▶ [Provided records]:
• • • • • • •
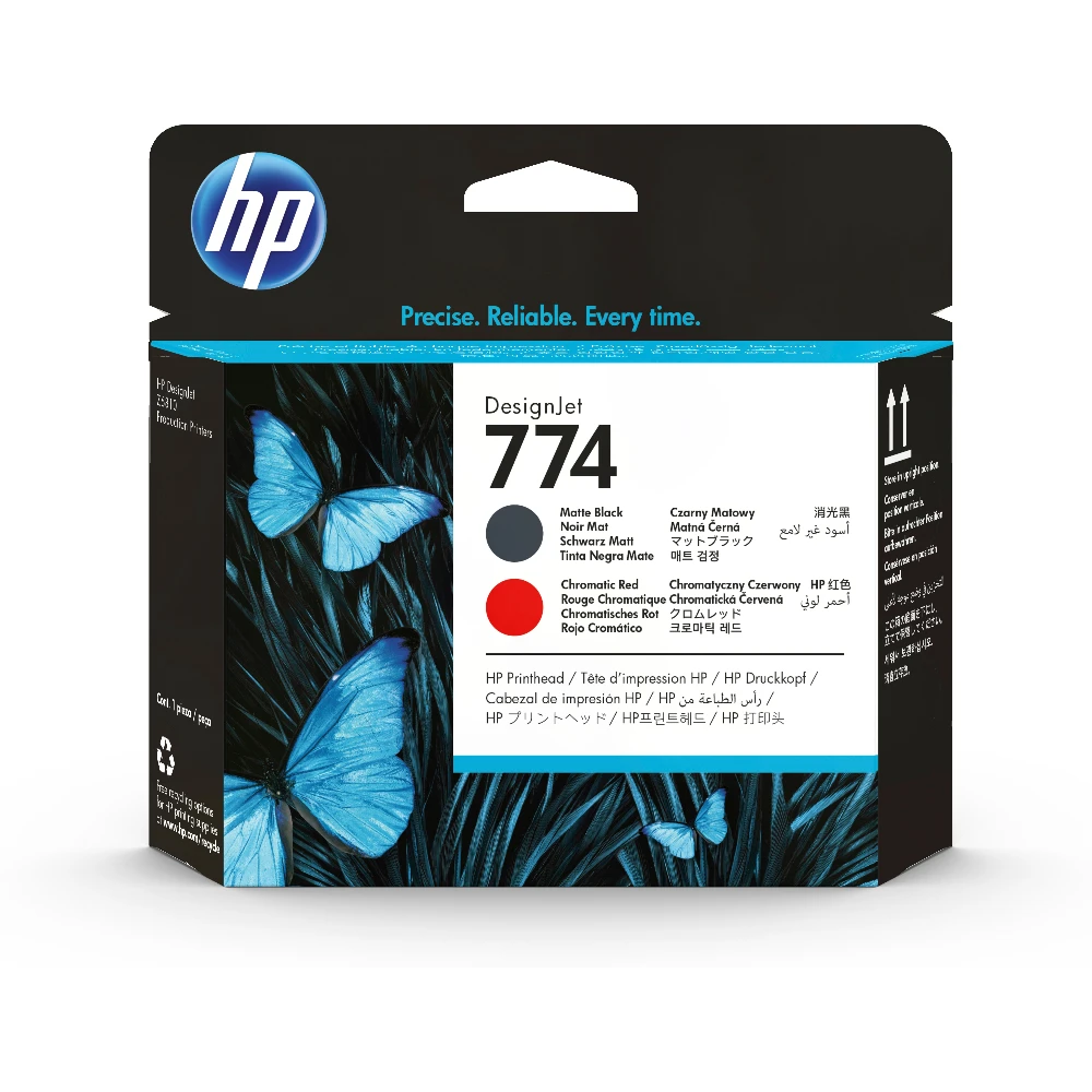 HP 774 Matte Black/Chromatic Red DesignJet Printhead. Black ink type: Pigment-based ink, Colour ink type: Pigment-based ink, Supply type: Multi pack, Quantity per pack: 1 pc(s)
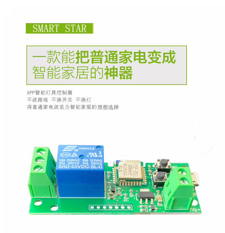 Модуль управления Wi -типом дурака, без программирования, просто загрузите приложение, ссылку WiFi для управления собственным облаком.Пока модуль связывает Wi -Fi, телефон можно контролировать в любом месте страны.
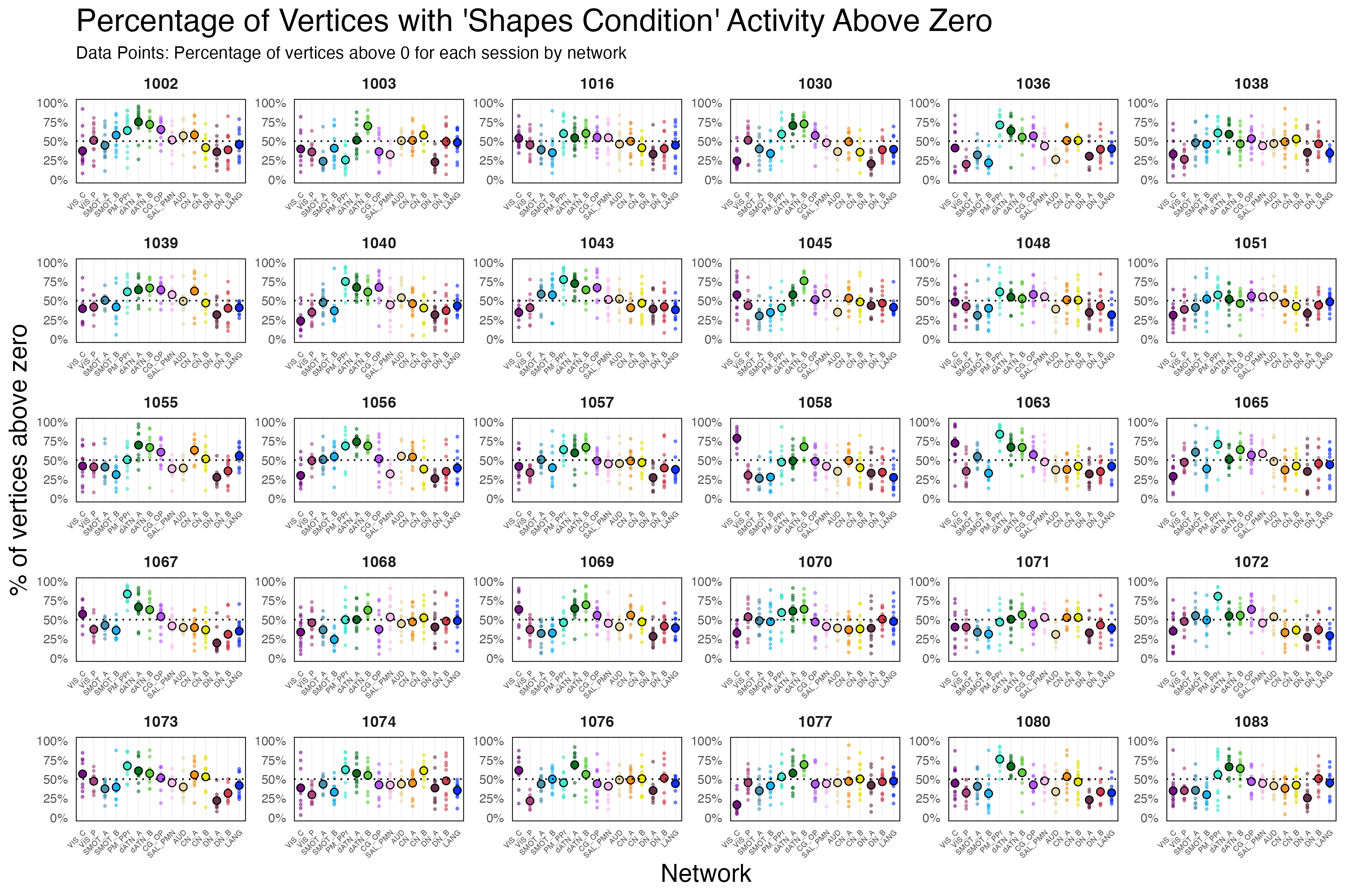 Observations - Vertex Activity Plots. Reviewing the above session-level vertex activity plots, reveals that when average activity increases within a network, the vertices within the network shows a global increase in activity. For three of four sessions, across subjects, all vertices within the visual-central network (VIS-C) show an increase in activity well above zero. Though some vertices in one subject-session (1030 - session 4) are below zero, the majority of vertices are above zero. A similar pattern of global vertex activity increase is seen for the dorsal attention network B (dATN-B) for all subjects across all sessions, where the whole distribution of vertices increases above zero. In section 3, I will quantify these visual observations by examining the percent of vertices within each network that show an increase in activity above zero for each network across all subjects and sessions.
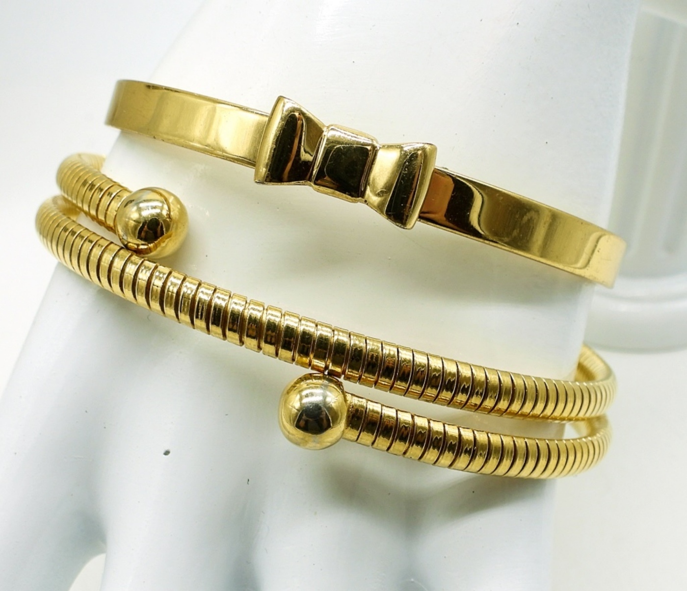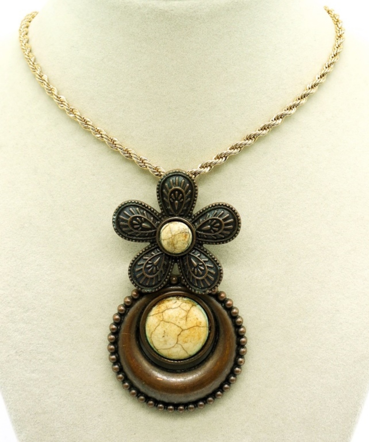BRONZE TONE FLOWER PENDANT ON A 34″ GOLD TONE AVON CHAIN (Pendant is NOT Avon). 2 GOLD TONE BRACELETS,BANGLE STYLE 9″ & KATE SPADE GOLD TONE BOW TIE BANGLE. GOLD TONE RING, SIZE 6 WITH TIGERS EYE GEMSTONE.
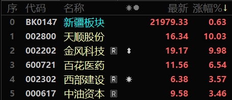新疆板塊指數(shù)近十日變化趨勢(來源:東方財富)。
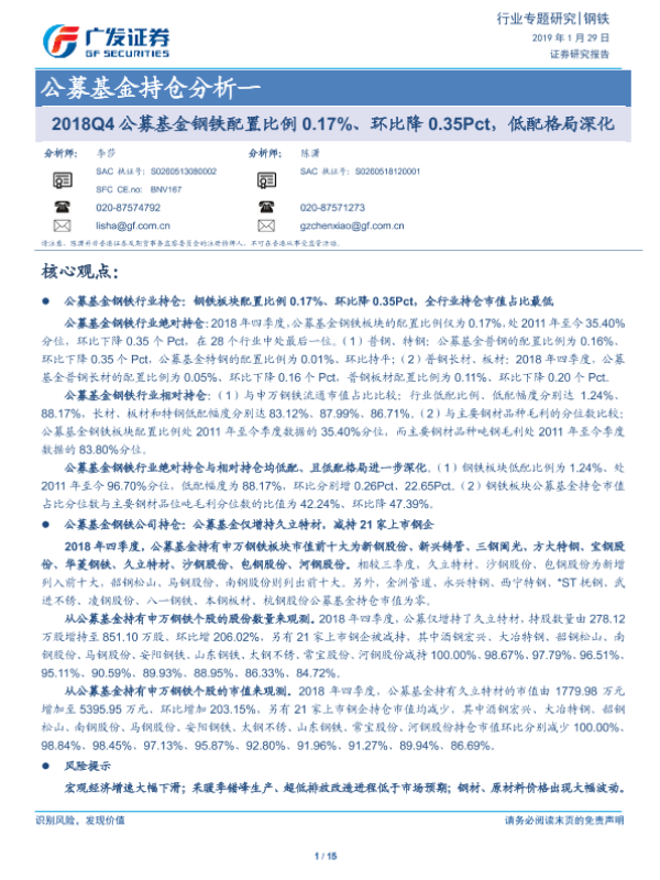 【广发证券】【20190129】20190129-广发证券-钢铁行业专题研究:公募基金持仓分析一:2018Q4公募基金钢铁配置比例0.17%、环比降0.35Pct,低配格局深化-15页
• • • • • • •
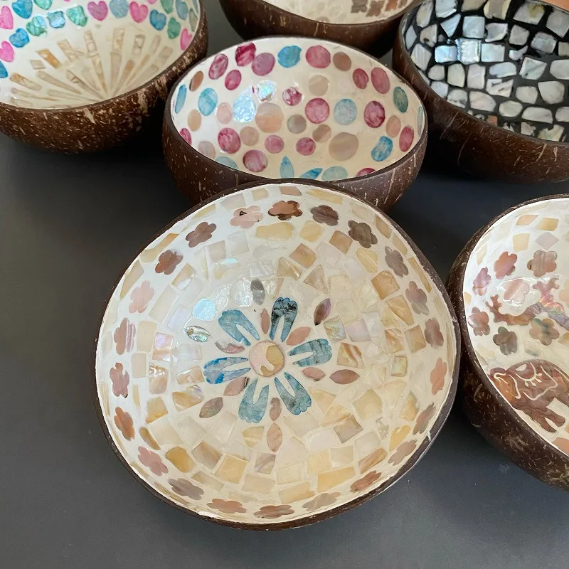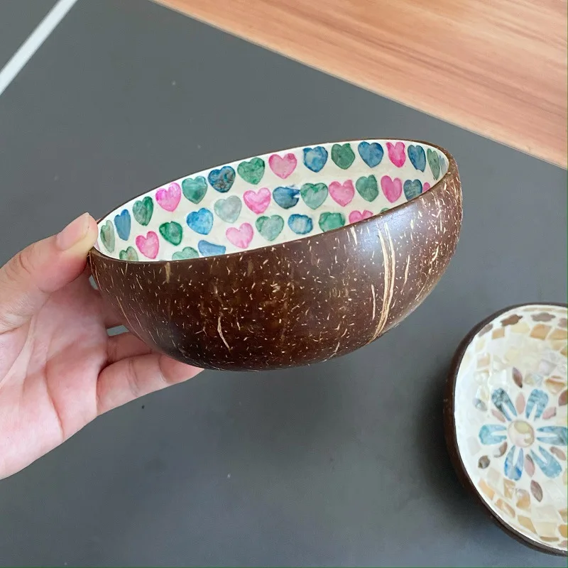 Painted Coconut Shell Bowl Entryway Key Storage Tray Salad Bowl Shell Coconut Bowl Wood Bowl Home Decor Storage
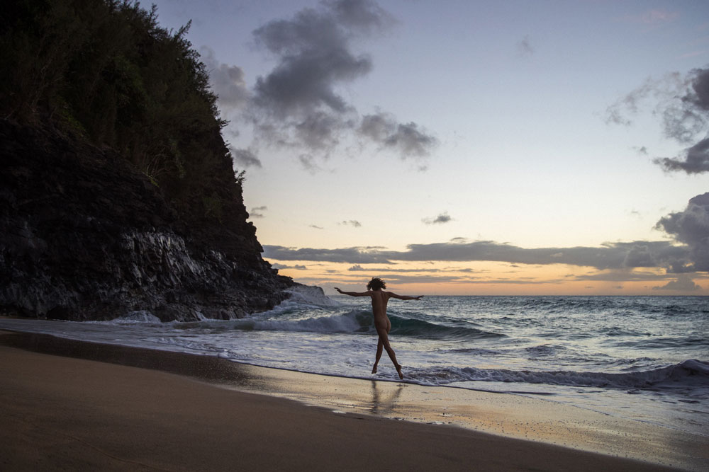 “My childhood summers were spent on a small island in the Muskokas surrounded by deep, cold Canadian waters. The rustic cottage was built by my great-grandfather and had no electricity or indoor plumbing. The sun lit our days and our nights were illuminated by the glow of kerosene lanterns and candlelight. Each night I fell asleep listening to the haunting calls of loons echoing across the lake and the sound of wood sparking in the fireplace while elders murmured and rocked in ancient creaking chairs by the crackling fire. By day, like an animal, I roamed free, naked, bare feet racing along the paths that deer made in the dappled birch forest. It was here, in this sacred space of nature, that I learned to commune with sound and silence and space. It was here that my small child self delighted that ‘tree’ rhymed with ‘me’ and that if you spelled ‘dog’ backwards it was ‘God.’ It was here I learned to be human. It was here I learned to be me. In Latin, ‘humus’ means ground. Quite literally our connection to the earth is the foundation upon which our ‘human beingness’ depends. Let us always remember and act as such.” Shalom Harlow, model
• • • • • • •
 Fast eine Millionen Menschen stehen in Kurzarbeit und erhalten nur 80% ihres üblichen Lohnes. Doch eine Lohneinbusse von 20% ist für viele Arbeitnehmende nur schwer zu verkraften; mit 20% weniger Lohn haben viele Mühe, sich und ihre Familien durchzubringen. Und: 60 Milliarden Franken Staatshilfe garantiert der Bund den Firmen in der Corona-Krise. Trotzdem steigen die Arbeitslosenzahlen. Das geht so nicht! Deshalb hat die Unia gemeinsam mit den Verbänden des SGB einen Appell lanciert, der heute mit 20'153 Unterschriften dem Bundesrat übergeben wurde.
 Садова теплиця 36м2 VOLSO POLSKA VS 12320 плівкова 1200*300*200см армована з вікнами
• • • • • • •
▶ [Problem requirements]: Taking the entries above, extract every line from the one bearing "HP 774 Matte" through the one bearing "Модуль управления Wi", exactly, with no pictures.

▶ [Task solution]:
 HP 774 Matte Black/Chromatic Red DesignJet Printhead. Black ink type: Pigment-based ink, Colour ink type: Pigment-based ink, Supply type: Multi pack, Quantity per pack: 1 pc(s)
 Модуль управления Wi -типом дурака, без программирования, просто загрузите приложение, ссылку WiFi для управления собственным облаком.Пока модуль связывает Wi -Fi, телефон можно контролировать в любом месте страны.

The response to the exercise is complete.